SAN FRANCISCO — Google’s corporate parent on Wednesday announced its first-ever quarter with more than US$100 billion in revenue, a milestone that illustrates the unwavering power of its internet empire amid legal and competitive threats.

The news of Alphabet Inc.’s accelerating growth in revenue and profit comes on the heels of a court ruling in the U.S. Justice Department’s landmark monopoly case against Google’s dominant search engine that was widely seen as a mild rebuke that wouldn’t hobble the company.

Alphabet performed like a powerhouse during the July-September period, delivering a profit of nearly US$35 billion, or US$2.87 per share, a 33 per cent increase from the same time last year. Revenue rose 16 per cent from last year to US$102.3 billion. Both figures easily exceeded the analysts’ projections that steer the stock market.

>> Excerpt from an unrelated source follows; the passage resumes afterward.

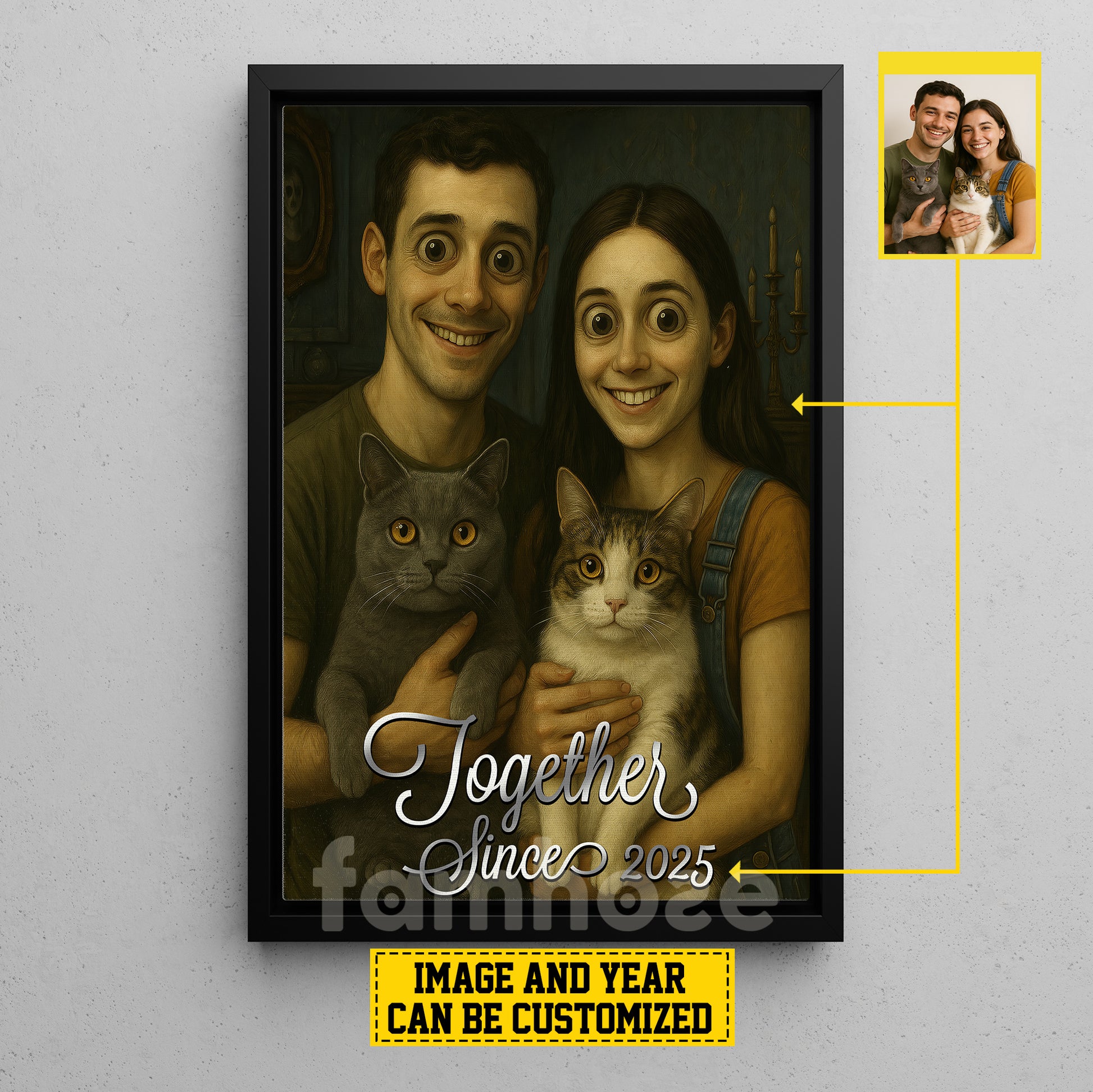 Personalized Halloween Couple Cat Canvas Painting, Together Wall Art Decor, Spooky Season Poster Gift For Couple, Cat Lovers

Investors celebrated the third-quarter numbers by driving up Alphabet’s stock price 6 per cent in Wednesday’s extended trading.

That’s on top of a 30 per cent surge in Alphabet’s shares that has created nearly US$770 billion in stockholder wealth since early September. That’s when U.S. District Judge Amit Mehta rejected a U.S. Justice Department proposal to break up Google to curb the abuses of a search engine that was declared an illegal monopoly last year.

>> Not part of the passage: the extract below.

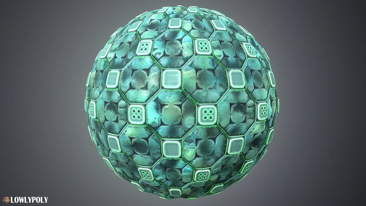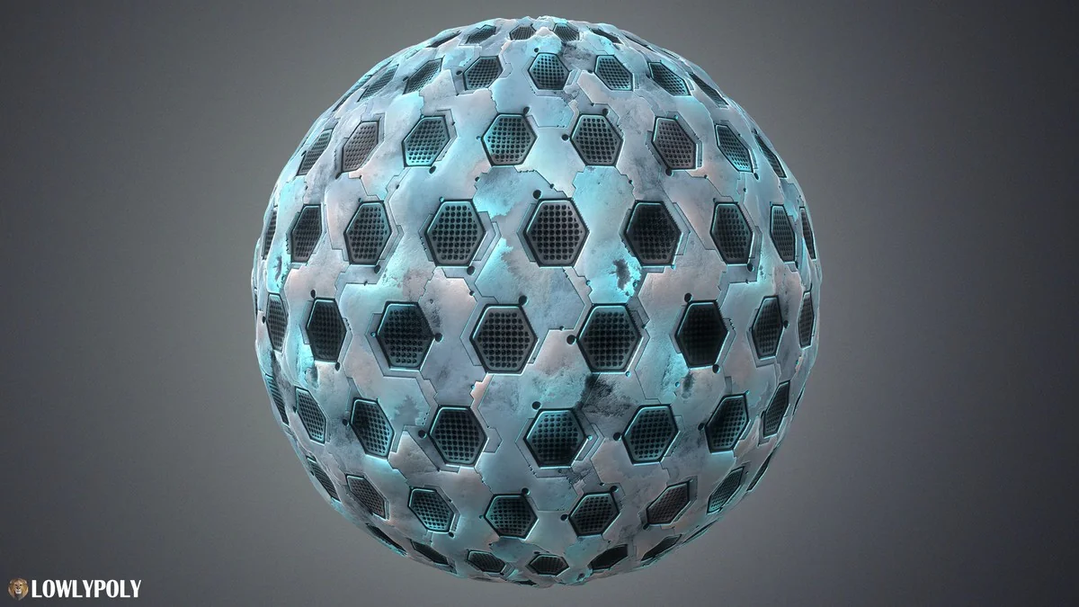 - Roughness maps to define how light scatters across the sci-fi surfaces.

Mehta’s cautious handling of Google’s search monopoly largely reflected his belief that rapid advances in artificial intelligence technology have already been spawning conversational “answer engines” from rising tech stars such as ChatGPT and Perplexity that are giving consumers more options.

ChatGPT’s creator OpenAI and Perplexity have released AI-powered web browsers to compete against Google’s industry-leading Chrome browser that the Justice Department had unsuccessfully tried to persuade Mehta to order to be sold.

But Google has been implanting more AI features into both its search engine and Chrome, as well as its other products, as part of its effort to protect its turf while also expanding into new technological frontiers. In a sign of the inroads those efforts are making, Alphabet CEO Sundar Pichai disclosed Wednesday that Google’s AI-powered Gemini app now has 650 million monthly users.

Like other major tech companies, Google has been bankrolling its AI ambitions with a spending spree that has raised worries about a potential bubble that will eventually burst. Alphabet now expects to budget US$91 billion to US$93 billion for capital expenditures this year, up from US$85 billion in its previous quarterly report issued in July, with most of the money earmarked for the massive data centers needed to power AI.

Alphabet has the luxury of drawing upon a lucrative ad network that Google has spent a quarter century building. Google’s ad sales totaled US$74.2 billion in the third quarter, a 13 per cent increase from last year.

The AI craze has been a boon for Google’s Cloud division that oversees data centers for other companies, an endeavor that has turned into the fastest growing part of Alphabet. Google Cloud posted revenue of US$15.2 billion in the past quarter, up 34 per cent from last year.